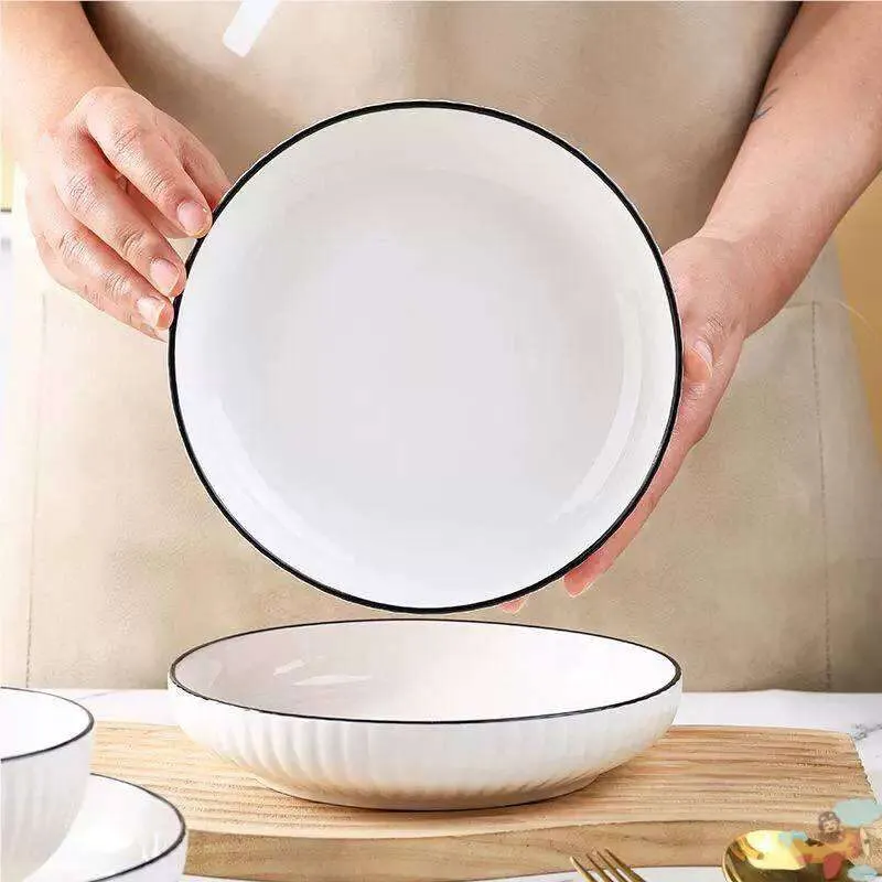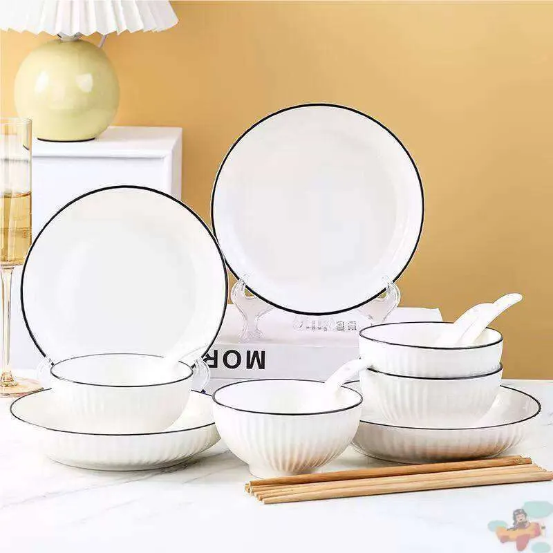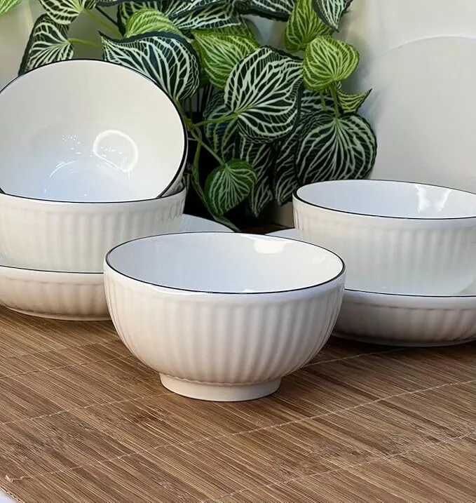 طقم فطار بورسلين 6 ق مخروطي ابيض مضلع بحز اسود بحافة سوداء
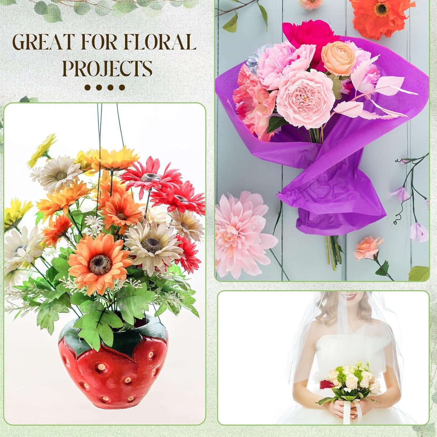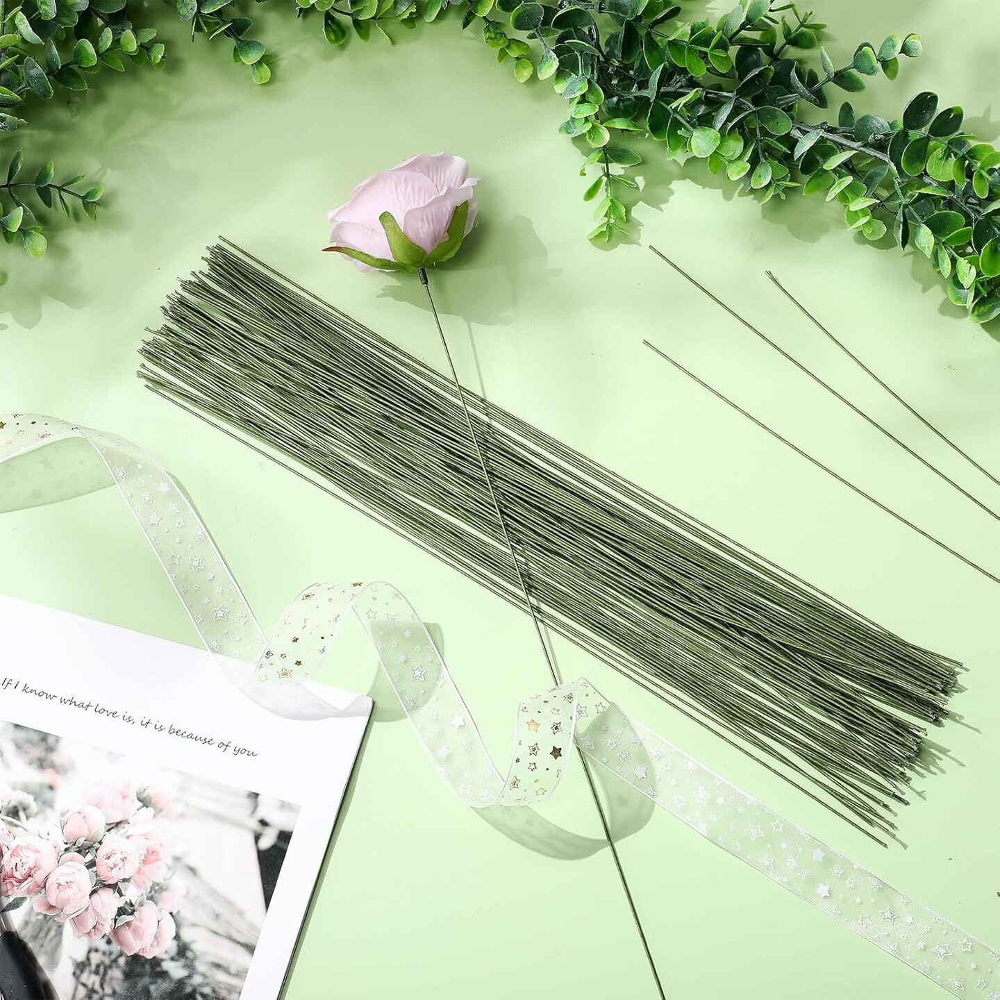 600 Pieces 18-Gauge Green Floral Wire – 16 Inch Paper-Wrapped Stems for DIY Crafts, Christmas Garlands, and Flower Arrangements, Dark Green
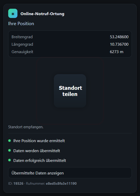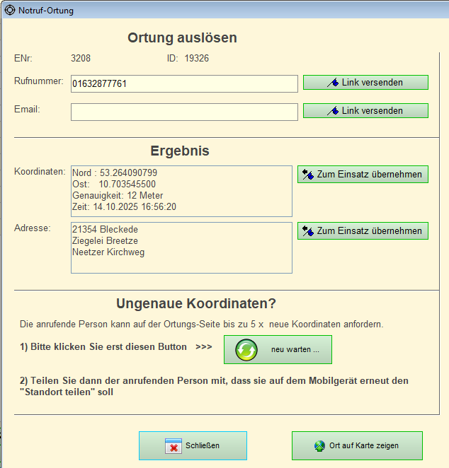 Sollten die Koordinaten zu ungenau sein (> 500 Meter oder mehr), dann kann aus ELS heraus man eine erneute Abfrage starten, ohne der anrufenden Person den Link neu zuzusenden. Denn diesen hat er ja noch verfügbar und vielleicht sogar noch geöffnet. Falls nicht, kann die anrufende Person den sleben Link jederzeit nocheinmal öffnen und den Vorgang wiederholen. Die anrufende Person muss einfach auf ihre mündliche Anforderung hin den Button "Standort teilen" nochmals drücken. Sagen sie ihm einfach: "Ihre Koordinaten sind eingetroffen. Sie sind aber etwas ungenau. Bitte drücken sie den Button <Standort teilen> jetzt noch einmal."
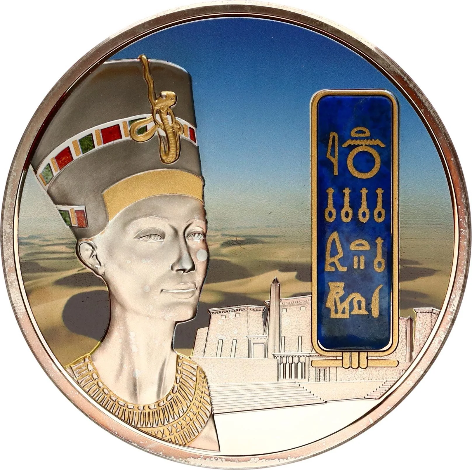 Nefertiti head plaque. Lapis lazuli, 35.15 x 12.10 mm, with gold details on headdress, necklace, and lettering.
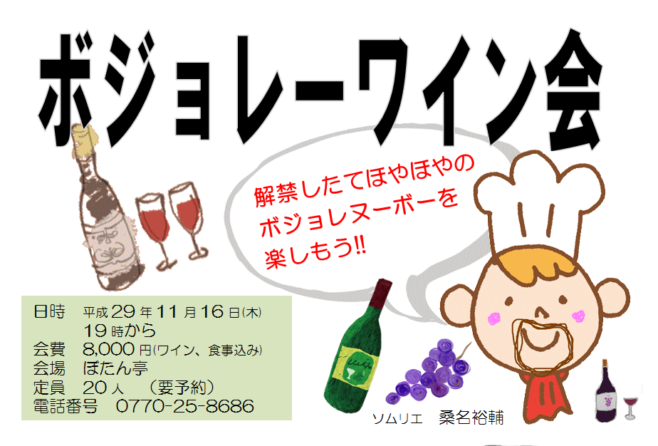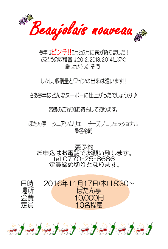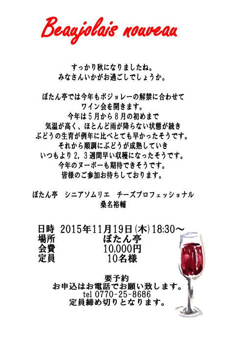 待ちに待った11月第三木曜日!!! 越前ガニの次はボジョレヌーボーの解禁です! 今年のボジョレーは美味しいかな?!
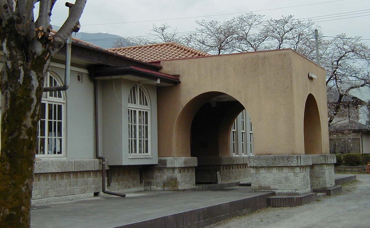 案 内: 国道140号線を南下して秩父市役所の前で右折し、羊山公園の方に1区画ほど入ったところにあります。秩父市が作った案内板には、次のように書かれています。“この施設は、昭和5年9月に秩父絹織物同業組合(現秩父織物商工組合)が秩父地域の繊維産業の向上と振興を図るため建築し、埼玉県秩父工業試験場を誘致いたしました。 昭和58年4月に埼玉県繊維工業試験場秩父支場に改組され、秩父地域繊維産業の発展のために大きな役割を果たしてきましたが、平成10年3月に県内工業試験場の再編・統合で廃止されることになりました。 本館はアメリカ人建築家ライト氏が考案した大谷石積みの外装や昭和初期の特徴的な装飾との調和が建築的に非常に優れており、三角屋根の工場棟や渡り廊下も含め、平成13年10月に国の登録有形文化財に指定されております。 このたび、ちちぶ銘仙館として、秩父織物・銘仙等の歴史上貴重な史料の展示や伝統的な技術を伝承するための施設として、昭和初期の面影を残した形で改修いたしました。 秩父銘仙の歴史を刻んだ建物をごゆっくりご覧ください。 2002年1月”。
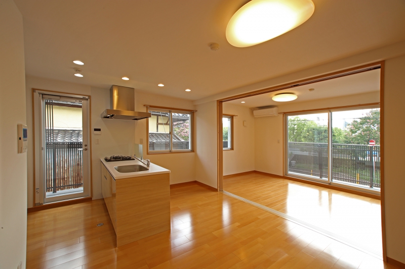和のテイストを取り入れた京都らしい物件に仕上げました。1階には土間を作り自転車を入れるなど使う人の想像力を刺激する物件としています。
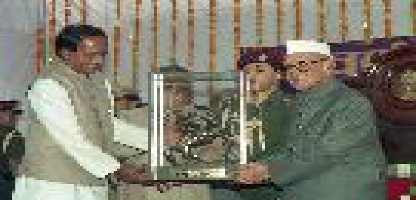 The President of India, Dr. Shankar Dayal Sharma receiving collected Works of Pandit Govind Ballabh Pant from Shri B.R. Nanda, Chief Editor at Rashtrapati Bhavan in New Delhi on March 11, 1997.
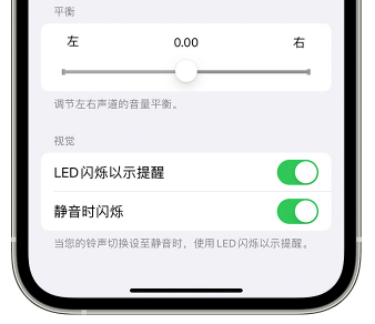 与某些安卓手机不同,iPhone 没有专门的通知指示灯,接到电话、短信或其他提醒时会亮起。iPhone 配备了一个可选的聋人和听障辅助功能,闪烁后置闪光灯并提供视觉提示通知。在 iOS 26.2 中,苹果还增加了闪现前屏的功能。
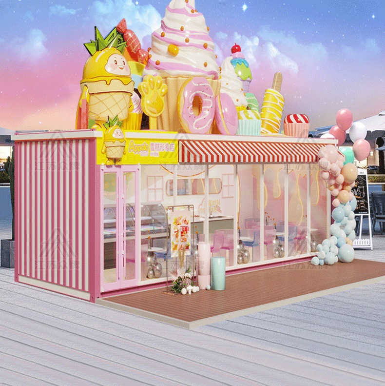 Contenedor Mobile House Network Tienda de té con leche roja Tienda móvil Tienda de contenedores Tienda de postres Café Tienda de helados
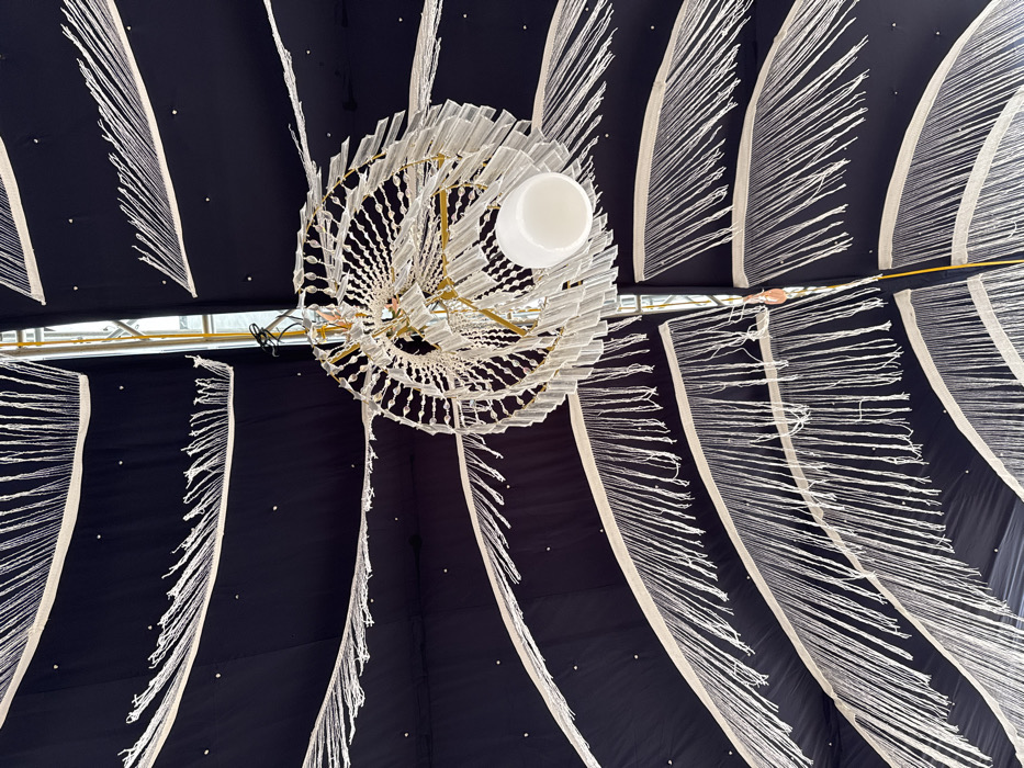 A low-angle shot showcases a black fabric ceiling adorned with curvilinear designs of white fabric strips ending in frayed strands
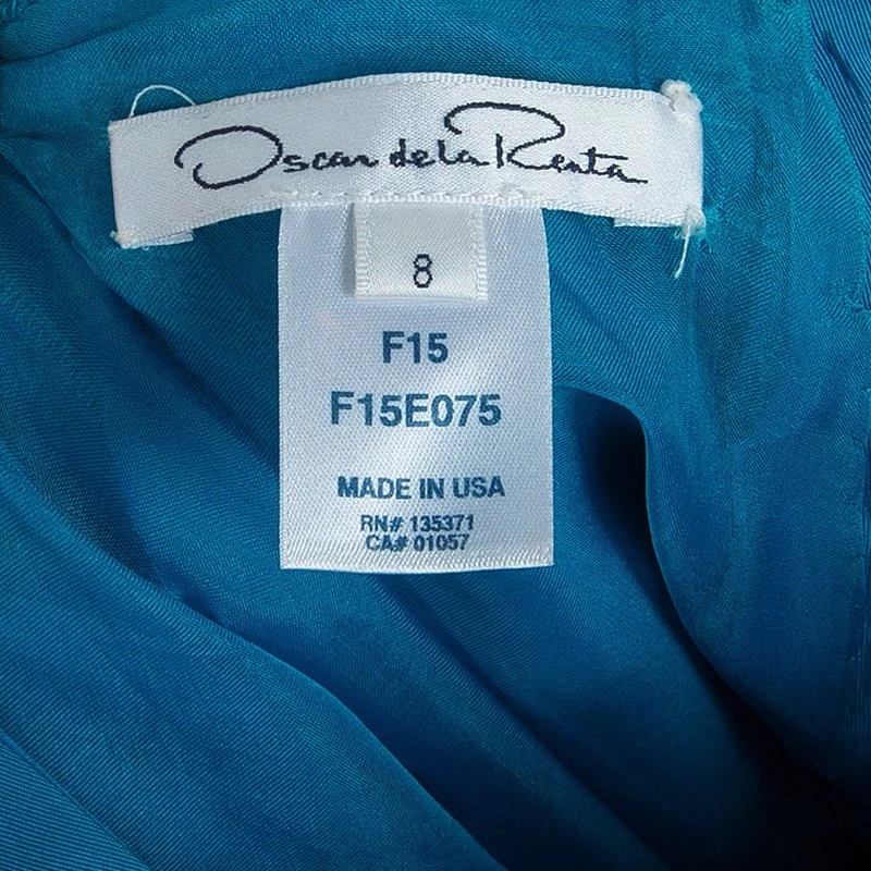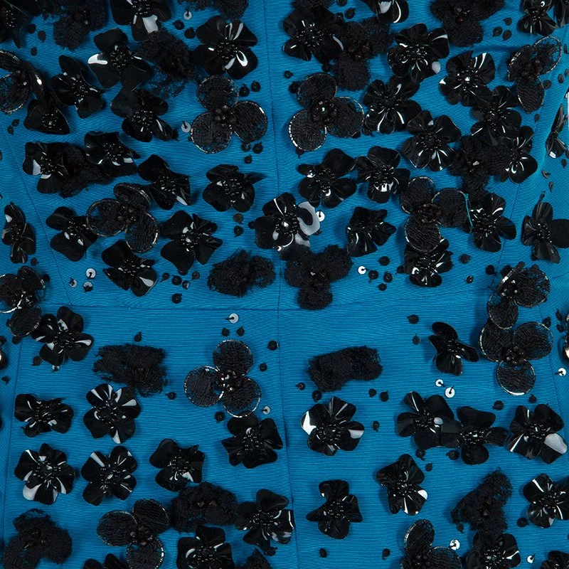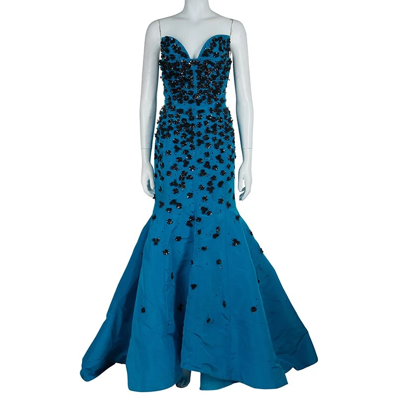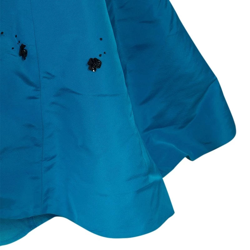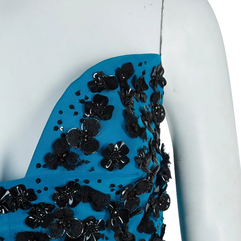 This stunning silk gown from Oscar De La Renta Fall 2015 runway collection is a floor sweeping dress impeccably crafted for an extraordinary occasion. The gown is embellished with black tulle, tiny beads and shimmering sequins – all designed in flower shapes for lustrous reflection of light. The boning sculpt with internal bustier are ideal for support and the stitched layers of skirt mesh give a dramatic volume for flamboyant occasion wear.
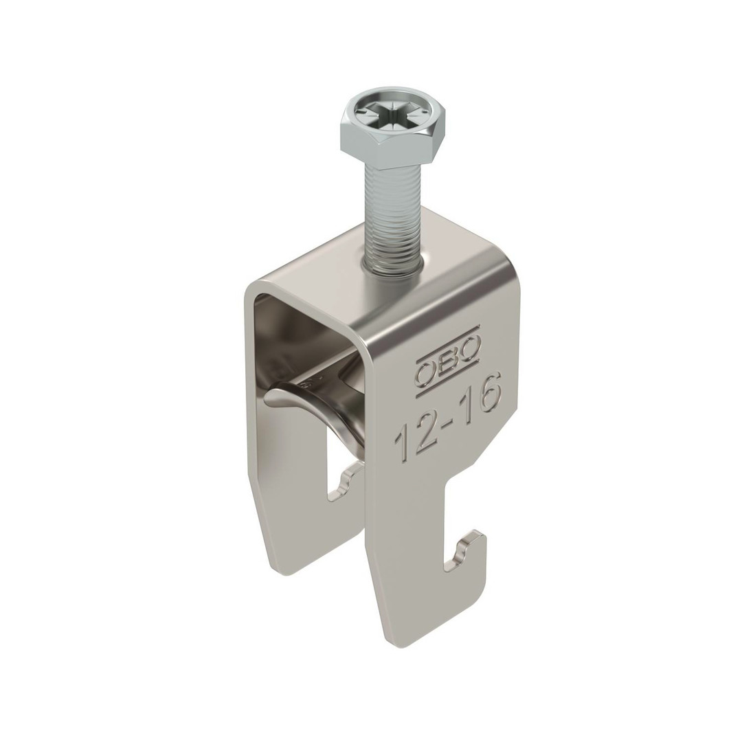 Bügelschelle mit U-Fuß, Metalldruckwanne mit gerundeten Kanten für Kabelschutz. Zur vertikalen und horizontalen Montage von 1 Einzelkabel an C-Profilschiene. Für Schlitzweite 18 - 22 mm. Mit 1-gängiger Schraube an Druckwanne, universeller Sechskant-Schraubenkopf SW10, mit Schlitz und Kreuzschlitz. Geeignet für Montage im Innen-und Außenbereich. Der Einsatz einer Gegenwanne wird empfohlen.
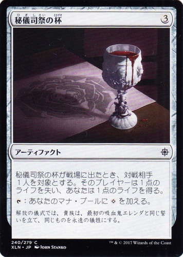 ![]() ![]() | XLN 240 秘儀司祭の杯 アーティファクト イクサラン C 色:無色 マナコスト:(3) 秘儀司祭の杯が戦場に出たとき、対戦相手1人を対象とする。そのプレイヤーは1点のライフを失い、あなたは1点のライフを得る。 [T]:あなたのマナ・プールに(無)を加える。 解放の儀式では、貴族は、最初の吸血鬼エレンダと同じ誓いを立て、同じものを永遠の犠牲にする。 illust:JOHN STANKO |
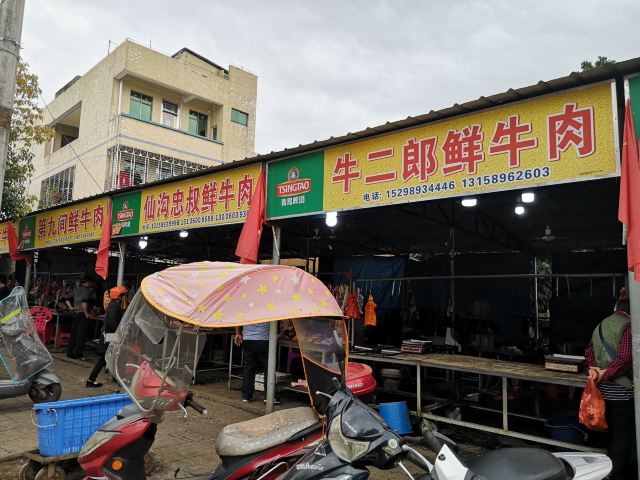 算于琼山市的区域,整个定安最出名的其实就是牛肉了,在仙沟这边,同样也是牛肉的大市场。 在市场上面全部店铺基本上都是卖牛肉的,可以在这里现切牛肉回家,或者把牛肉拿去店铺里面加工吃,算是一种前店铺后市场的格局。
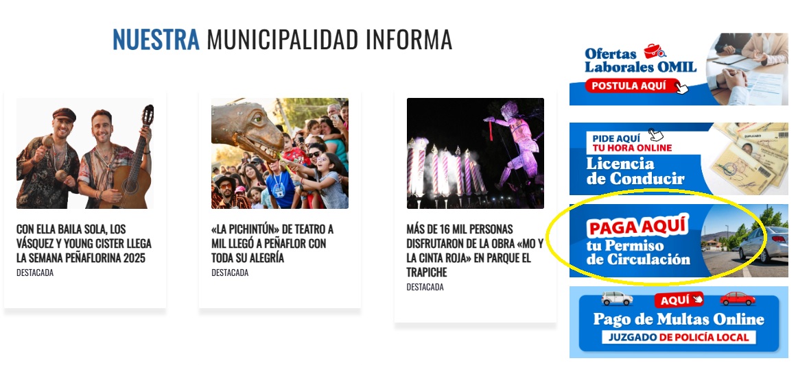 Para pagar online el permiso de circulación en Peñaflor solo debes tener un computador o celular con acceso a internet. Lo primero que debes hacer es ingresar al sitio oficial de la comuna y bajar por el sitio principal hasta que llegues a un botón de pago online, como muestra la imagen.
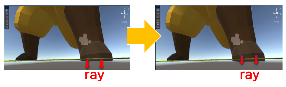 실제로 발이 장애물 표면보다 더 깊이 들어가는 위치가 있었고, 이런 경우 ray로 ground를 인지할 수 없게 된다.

•••••

## YOUR GOAL:
All that is wanted is each line, word for word, from the first line of the data to the one holding "待ちに待った11月第三木曜日!!! 越前ガニの次はボジョレヌーボーの解禁です! 今年のボジョレーは美味しいかな?!", with the pictures left out.

## RESPONSE BELOW:
 طقم فطار بورسلين 6 ق مخروطي ابيض مضلع بحز اسود بحافة سوداء
 600 Pieces 18-Gauge Green Floral Wire – 16 Inch Paper-Wrapped Stems for DIY Crafts, Christmas Garlands, and Flower Arrangements, Dark Green
 Sollten die Koordinaten zu ungenau sein (> 500 Meter oder mehr), dann kann aus ELS heraus man eine erneute Abfrage starten, ohne der anrufenden Person den Link neu zuzusenden. Denn diesen hat er ja noch verfügbar und vielleicht sogar noch geöffnet. Falls nicht, kann die anrufende Person den sleben Link jederzeit nocheinmal öffnen und den Vorgang wiederholen. Die anrufende Person muss einfach auf ihre mündliche Anforderung hin den Button "Standort teilen" nochmals drücken. Sagen sie ihm einfach: "Ihre Koordinaten sind eingetroffen. Sie sind aber etwas ungenau. Bitte drücken sie den Button <Standort teilen> jetzt noch einmal."
 Nefertiti head plaque. Lapis lazuli, 35.15 x 12.10 mm, with gold details on headdress, necklace, and lettering.
 待ちに待った11月第三木曜日!!! 越前ガニの次はボジョレヌーボーの解禁です! 今年のボジョレーは美味しいかな?!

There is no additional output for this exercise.